I was born eight years after the inclusion of the first women’s marathon in the Olympic Games. As an athlete, it can be easy to overlook just how recent women’s inclusion in competitive sports is. It can be even easier to brush off how damaging sex tests, infertility myths, and penalizations for ‘unfair’ skill can be, to everyone from professional athletes to the little girls glued to the screen watching Simone Biles make history. 

I grew up with phrases like “girl push-ups” and “throwing like a girl” peppering my physical education. I was barred from climbing rope or playing American football while in school due to my gender, but overall I have been incredibly fortunate to have had coaches who saw my small hands, short stature, and love of pink sportswear and still saw potential rather than limitations by my sex. I have been permitted to thrive in a world where on average, by age 14, girls’ self-esteem is reported to be 27% less than that of boys. 

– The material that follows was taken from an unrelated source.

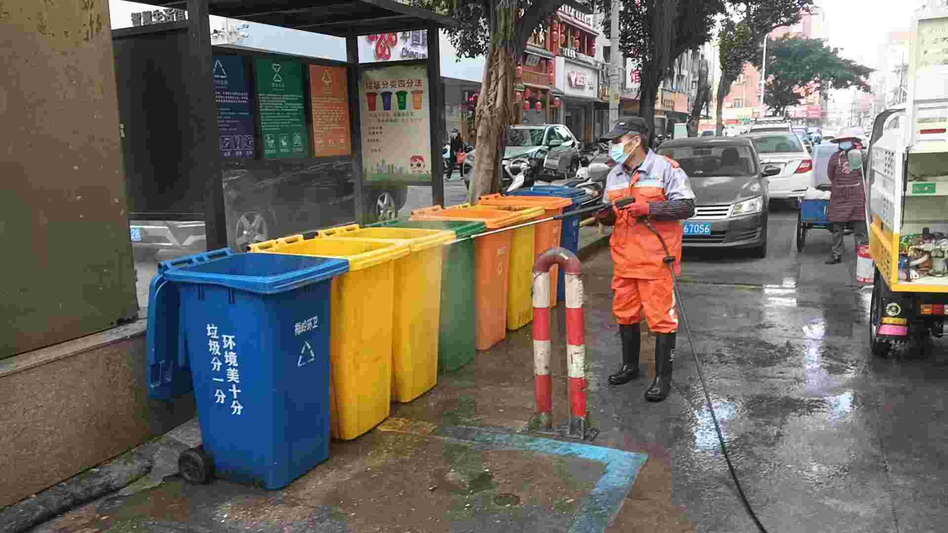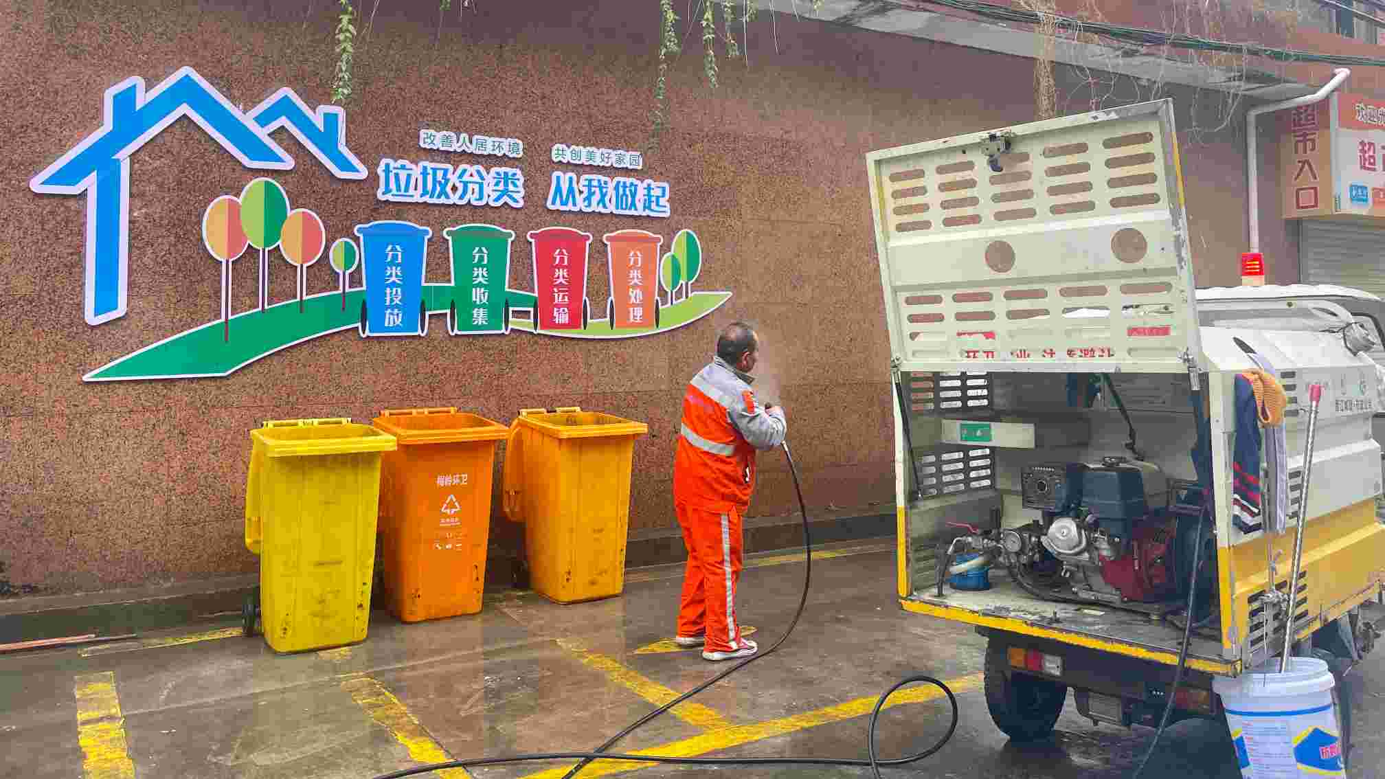 在整治過程中,工作人員嚴格按照“一掃、二擦、三洗、四消、五擺放”的步驟進行操作,利用高壓水槍或清洗設備對垃圾桶和周邊進行全方位沖洗,確保內部和外部都干凈整潔,防止異味產生,周邊無積水外溢,并對破損老舊的垃圾桶及時進行維修、更換。在開展行動的同時,工作人員還向居民群眾普及垃圾分類和環保知識,鼓勵居民群眾養成良好衛生習慣,攜手維護美麗居住環境。居民群眾積極響應,增強了他們的環保意識和責任感。

Physical literacy should be encouraged and enjoyed by people of all ages and walks of life. For far too long that pleasure has been denied to half the population, utilizing myths of infertility, inherent physical inferiority, and transphobic signalling to keep women frail. 

I am not advocating that we boycott the Olympics, but I think it is important that we approach the games with a critical lens. Please tune in, cheer on your country’s representatives, and feel inspired and joyous. But when the Games are over, when you’re next in the gym or scrolling aimlessly through fitness influencers on Instagram, take a moment to reflect on the fight for physical equality. 

Spare a thought for the women whose physical excellence was barred from the Games due to perceived inferior genitalia, for all the women whose genitalia has since been invaded to eventually participate. We have made great strides, but we still have so far to go.